Perplexity is not dependent on the base. SRILM uses base 10 logprobs, so that's why base 10 exponent is taken in the above formula. TheanoLM uses the natural logarithm, but you only need to care about it if you're comparing logprobs. Then you should use --log-base 10, e.g.

theanolm score model.h5 test.txt --output word-scores --log-base 10

Use --log-base 10 also if you're rescoring an n-best list generated using SRILM!

sameerkhurana10 commented 8 years ago

Thanks for the reply.

I did some calculation as suggested by you.

SRILM: PPL calculation using a 4gram LM trained on 130M tokens. The command used to calculate perplexity.

ngram -debug 2 -order 4 -lm mgb.o4g.kn.gz -vocab /data/sls/qcri-scratch/sameer/language_modelling/theanoLM/data/rnnlm_data/input.vocab -limit-vocab -ppl /data/sls/qcri-scratch/sameer/language_modelling/theanoLM/test.txt

Vocab argument given here, is the vocab that I used to train the LSTM language model.

Perplexity is given by:

5002 sentences, 60169 words, 8754 OOVs 0 zeroprobs, logprob= -156679 ppl= 598.63 ppl1= 1115.17

TheanoLM: The command used to train the LSTM LM on 4M tokens is as given below:

theanolm train model.h5 validation-data.txt --training-set training-data.txt --vocabulary input.vocab --architecture lstm300

Perplexity calculation command:

theanolm score model.h5 test.txt --output word-scores --log-base 10

Perplexity is given by:

Number of sentences: 5002 Number of words: 70173 Number of predicted probabilities: 65171 Cross entropy (base e): 5.615544113890271 Cross entropy (base 10): 2.4387998215468305 Perplexity: 274.6627863816429

The question is: Do you think this is the right way to compare the two models? If it is, I am finding it hard to believe that a 4gram language model trained on 130M tokens is giving higher ppl than a LSTM model trained on just 4M tokens.

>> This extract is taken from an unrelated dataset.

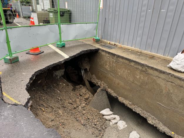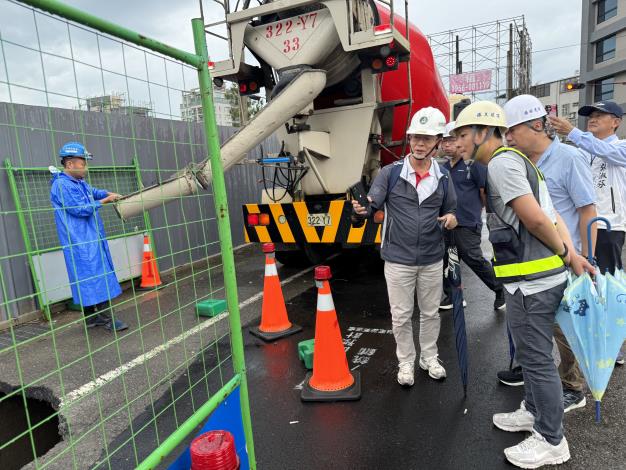 接獲通報後,縣府工商發展處立即會同社團法人中華民國大地技師公會派員至現場會勘,並緊急進行混凝土灌漿回填作業,現場除封閉道路外,同時設置交通錐與夜間警示設施,全力維護用路人與居民安全。

senarvi commented 8 years ago

The difference in perplexity is so big that I agree with you, there has to be a mistake somewhere. Also, TheanoLM reports 70173 words and 70173 - 5002 = 65171 predicted probabilities (sentence starts excluded) and SRILM reports 60169 words.

You're using --limit-vocab with SRILM, meaning that is discarded from the language model. You should use --unk-penalty 0 with TheanoLM, so that it too excludes from perplexity computation.

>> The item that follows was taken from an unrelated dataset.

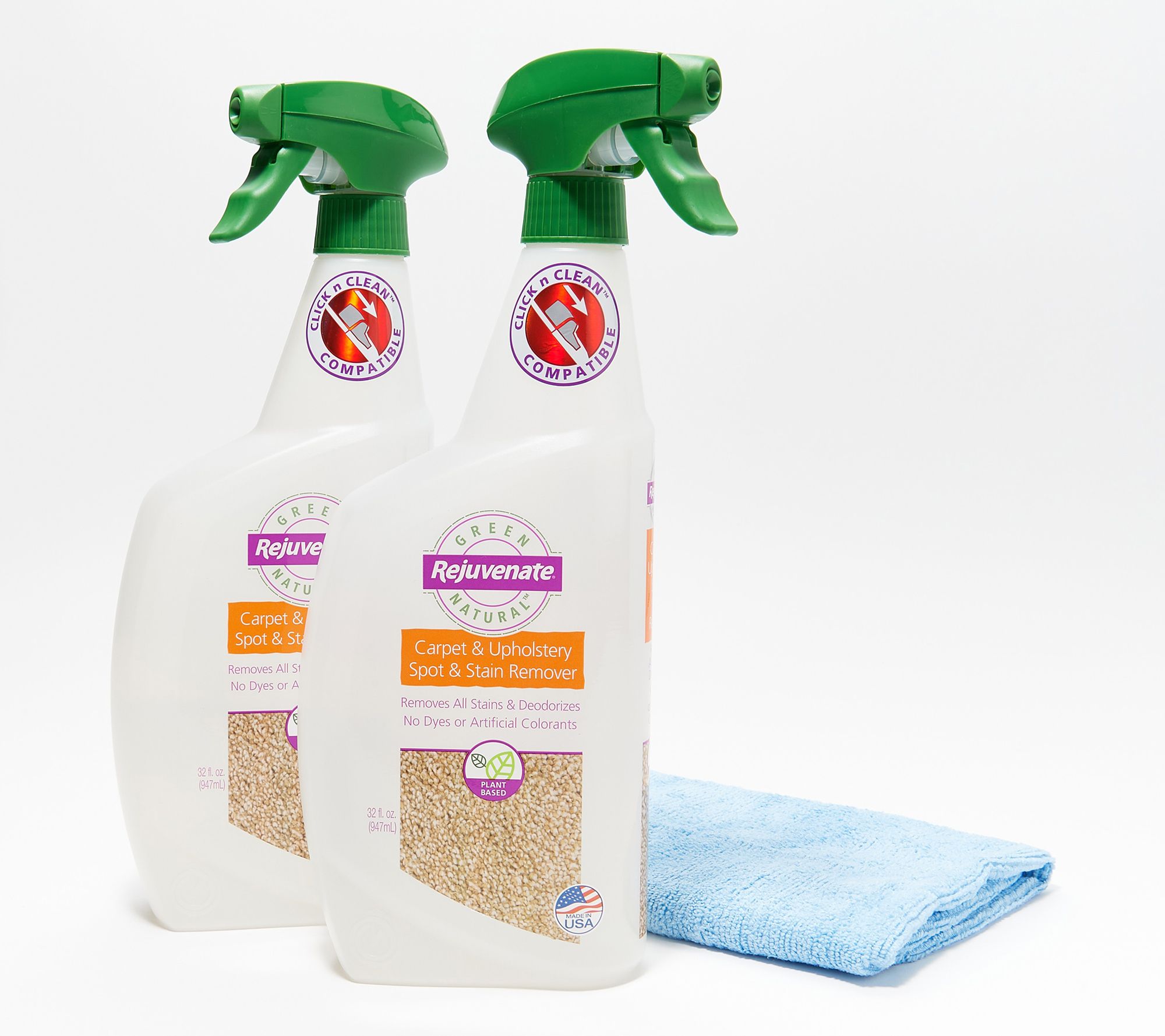 • Includes two 32-oz Carpet & Upholstery Spot & Stain Removers and 16" x 16" microfiber cloth

Both tools should compute the probability of the same words, so the number of predicted probabilities should match. To debug what's going on, I would start from a smaller test set (maybe just one sentence that also includes OOV words) and compute word scores with both tools (--output word-scores with TheanoLM and -ppl test.txt -debug 2 with SRILM). Then you can see if the numbers are in the same ballpark.

sameerkhurana10 commented 8 years ago

Thank you for the reply and sorry to bother you so much with this.

So, I calculated the score again with --unk-penalty 0 and now the ppl with LSTM is:

Number of sentences: 5002 Number of words: 70173 Number of predicted probabilities: 56304 Cross entropy (base e): 6.153225547136662 Cross entropy (base 10): 2.6723119010275695 Perplexity: 470.23169773500837 (up from 270)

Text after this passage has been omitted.